Every IVF journey is different. The best plan depends on age, diagnosis, ovarian reserve, sperm quality, medical history, personal values, and clinic guidance. Anyone considering IVF should speak with a qualified fertility specialist to understand their options and create a treatment plan that fits their situation.

Frequently Asked Questions About IVF

What does IVF mean?

IVF stands for in vitro fertilisation.

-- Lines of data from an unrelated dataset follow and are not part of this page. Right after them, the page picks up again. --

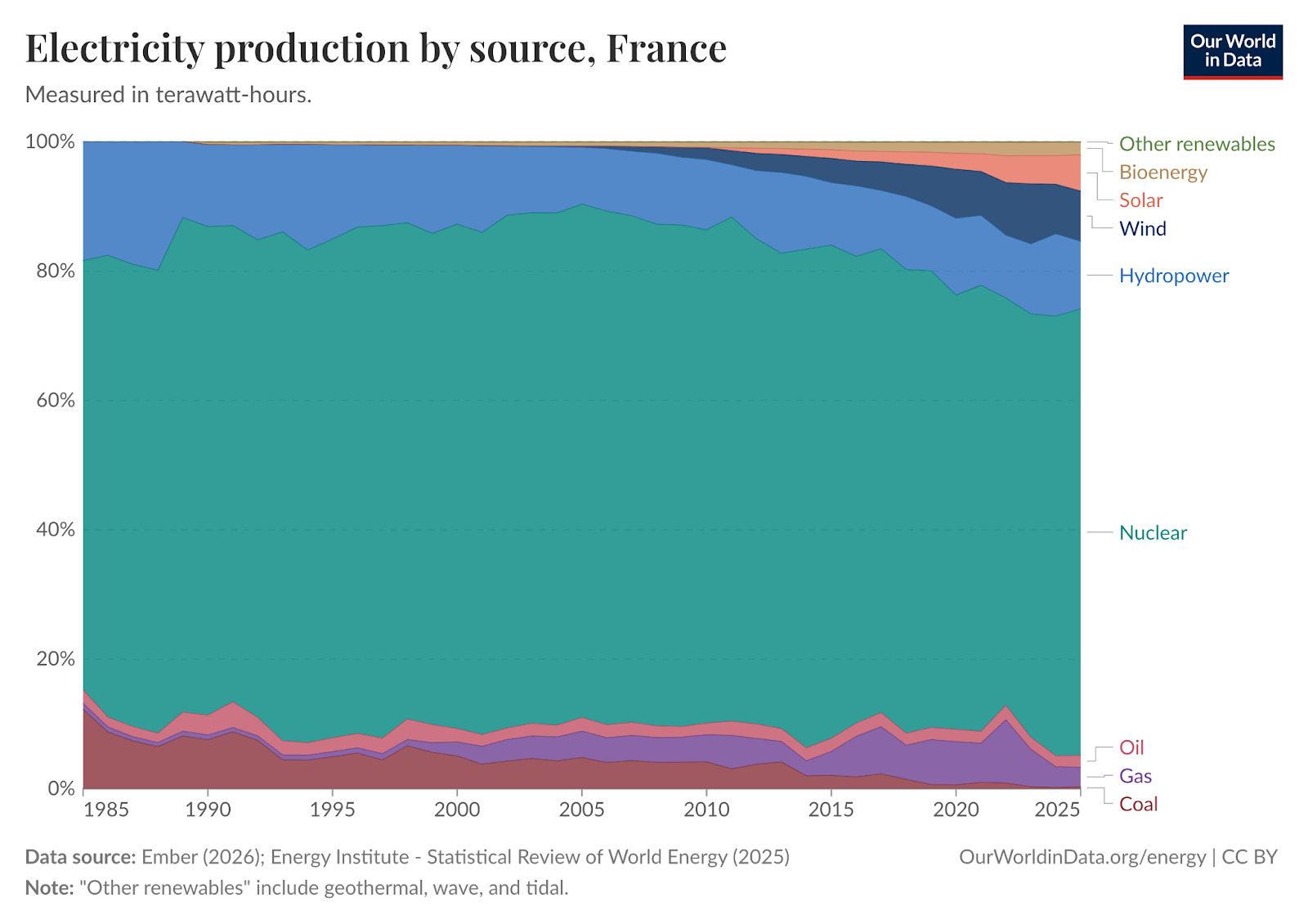 Energy transitions move faster when survival is the motivation. After 1973, France built one of the world’s largest nuclear fleets not to save the planet, but to never depend on someone else’s oil. Today, it has one of Europe’s lowest-carbon grids. The energy transition is reaccelerating, but just not for the reasons we expected.
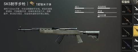 SKS射手步枪想必大家都不陌生,点射威力强劲的它,搭配满配件后,高倍镜远距离追踪非常稳,扩容后能装20发子弹,完全够你击倒数名敌人,算你五发子弹击倒一名敌人,灭队绰绰有余了,而且相比于拉栓狙来说,节约了许多装弹时间。
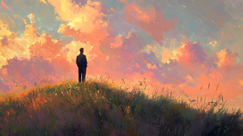 A hopeful father standing on a grassy hilltop, gazing into the distance with a gentle smile, bathed in warm, golden light. Behind him, a sky filled with soft, impressionistic clouds painted in the style of Monet, with hues of pink, orange, and lavender blending harmoniously. The scene captures a sense of peace and optimism, with soft brushstrokes and a delicate play of light and shadow. Created in the style of Monet, with emphasis on atmospheric perspective, light, and color harmony, hd quality, natural look --ar 16:9 --s 250
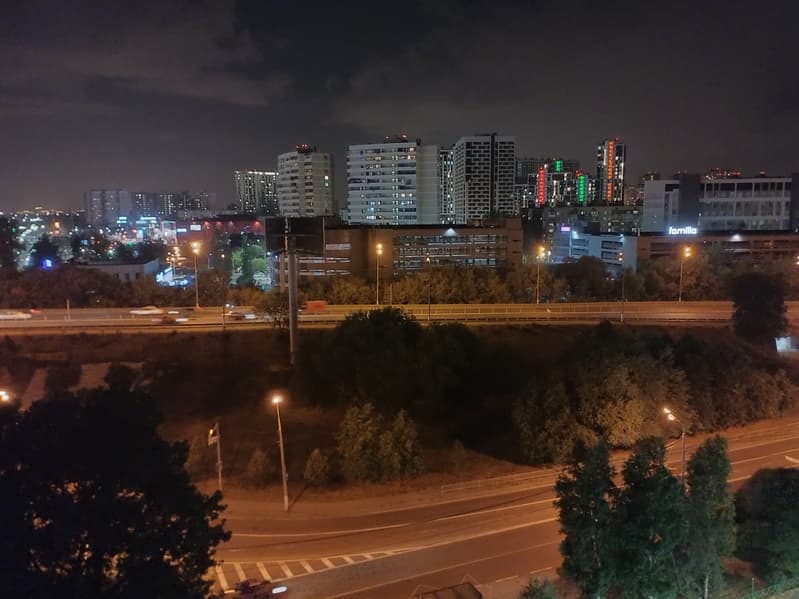 Ночной режим на удивление неплох: он не задирает экспозицию, не высветляет картинку и не добавляет неадекватно резкости, успешно балансируя между резкостью и шумами. Не беря в расчет упомянутые проблемы с пятнами нерезкости из-за оптики, в целом обработка в ночном режиме удается смартфону неплохо.
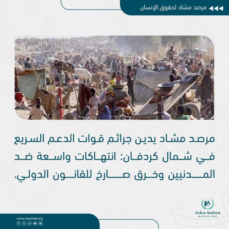 إننا في مرصد مشاد نؤكد أن هذه الأفعال تمثل جرائم حرب وجرائم ضد الإنسانية، ونطالب بضرورة تدخل دولي عاجل لحماية المدنيين، وفتح تحقيق شفاف يضمن محاسبة المسؤولين عن هذه الانتهاكات الجسيمة. Mashad Human Rights Observatory:We express our deep concern and…
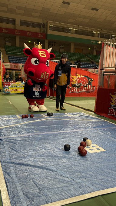 【GAMEDAY】会場奥では#ボッチャが体験できます!ぶるぞーもやってみましたよどんどん投げるぶるぞー最後は褒めていただきましたぜひみなさんも体験してみてください!#岩手ビッグブルズ#bigbulls..
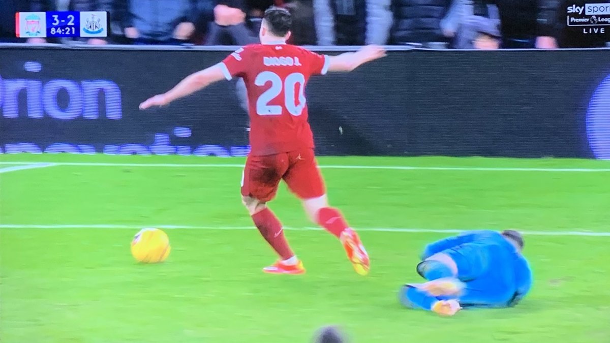 Португалець за рахунку 3:2 обіграв захисника та Мартіна Дубравку і міг забивати у порожні ворота. Утім, Діогу Жота вирішив впасти, а суддя призначив пенальті. Цей момент викликав гнів у англійських експертів.
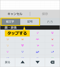 の画面で<絵文字>をタップすると絵文字が、<記号>をタップすると記号が入力できます。
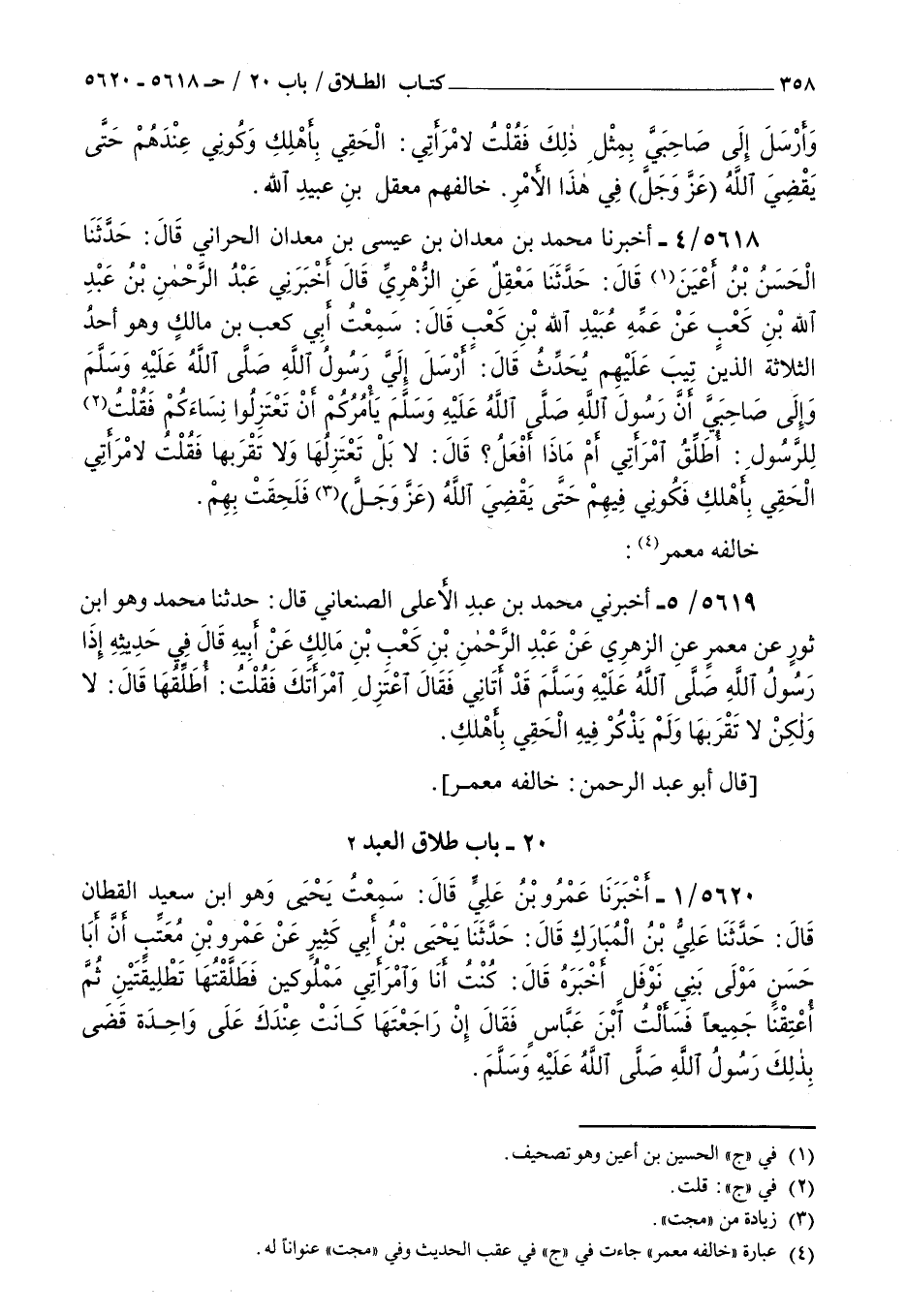 5620 - أخبرنا عمرو بن علي قال سمعت يحيى وهو بن سعيد القطان قال حدثنا علي بن المبارك قال حدثنا يحيى بن أبي كثير عن عمرو بن معتب أن أبا حسن مولى بني نوفل أخبره قال : كنت أنا وامرأتي مملوكين فطلقتها تطليقتين ثم أعتقنا جميعا فسألت بن عباس فقال إن راجعتها كانت عندك على واحدة قضى بذلك رسول الله صلى الله عليه و سلم خالفه معمر
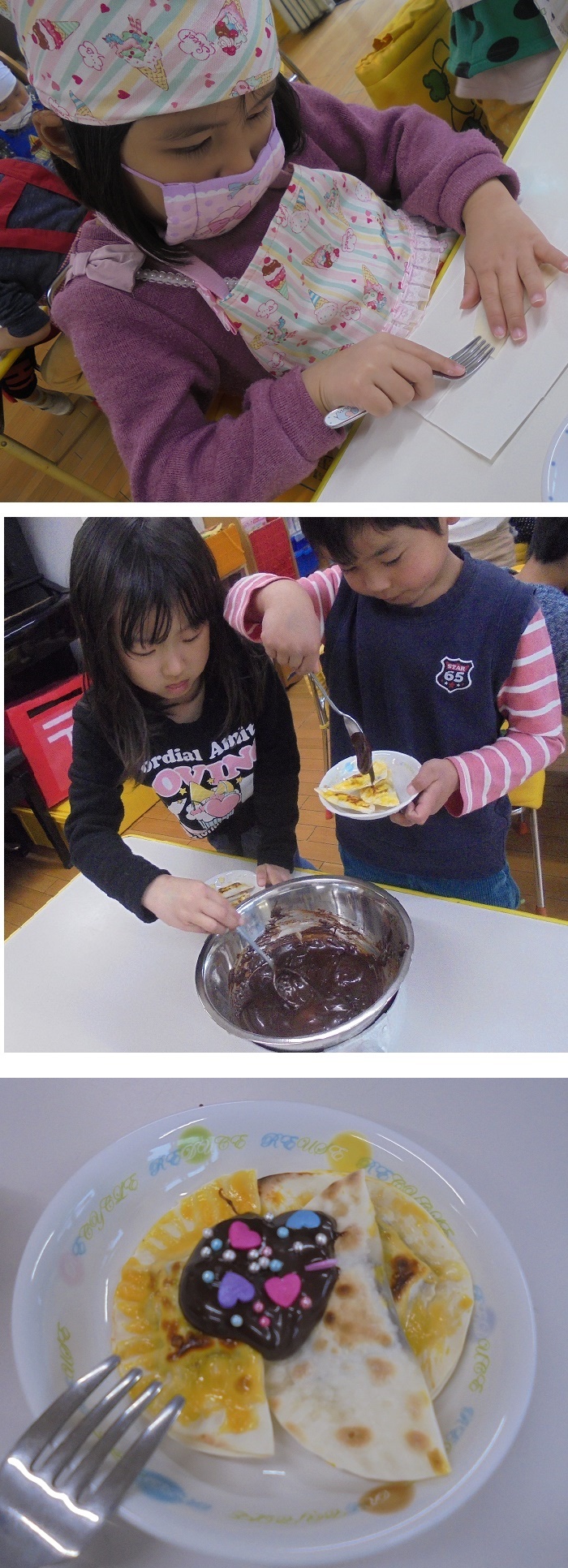 【認定こども園 清凉保育園】2月クッキング「チョコパイ」(もみじ組)
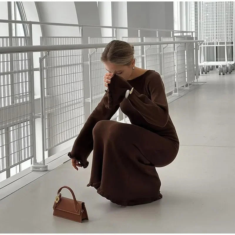 Elegant Roll Edge Party Dress For Women Long Sleeve O Neck Slim Flare Sleeve Long Robes 2025 New Lady High Street Evening Gown

It is a fertility treatment where eggs are fertilised with sperm in a laboratory, and an embryo is placed into the uterus.

How does IVF work?

IVF usually involves ovarian stimulation, egg retrieval, sperm preparation, fertilisation in the lab, embryo growth, embryo transfer, and pregnancy testing.

Is IVF painful?

Some parts can be uncomfortable, such as injections, bloating during stimulation, and cramping after egg retrieval. Egg retrieval is usually done with sedation or anesthesia.

How long does the IVF process take?

A single IVF cycle may take several weeks, but the full timeline can be longer if embryos are frozen, genetic testing is done, or transfer happens in a later cycle.

Is IVF guaranteed to work?

No. IVF can improve the chance of pregnancy for many people, but it does not guarantee pregnancy or live birth.

What is egg retrieval?

Egg retrieval is a procedure where eggs are collected from the ovaries using ultrasound guidance and a thin needle, usually under sedation or anesthesia.

What is embryo transfer?

Embryo transfer is the procedure where an embryo is placed into the uterus using a thin catheter.

What is ICSI?

ICSI is a lab technique where one sperm is injected directly into one mature egg. It may be used for male-factor infertility or other reasons.

Can IVF use donor eggs or donor sperm?

Yes. IVF can be done with a patient’s own eggs and sperm from a partner, or with donor eggs, donor sperm, or donor embryos.

What are the risks of IVF?

Possible risks include ovarian hyperstimulation syndrome, multiple pregnancy, ectopic pregnancy, miscarriage, egg retrieval complications, emotional stress, and medication side effects.

What happens if IVF does not work?

The clinic may review the cycle, discuss possible reasons, adjust the plan, and consider another transfer, another IVF cycle, donor options, or other next steps.

Should I choose fresh or frozen embryo transfer?

The best choice depends on hormone levels, embryo testing plans, OHSS risk, uterine lining, clinic protocol, and personal medical factors.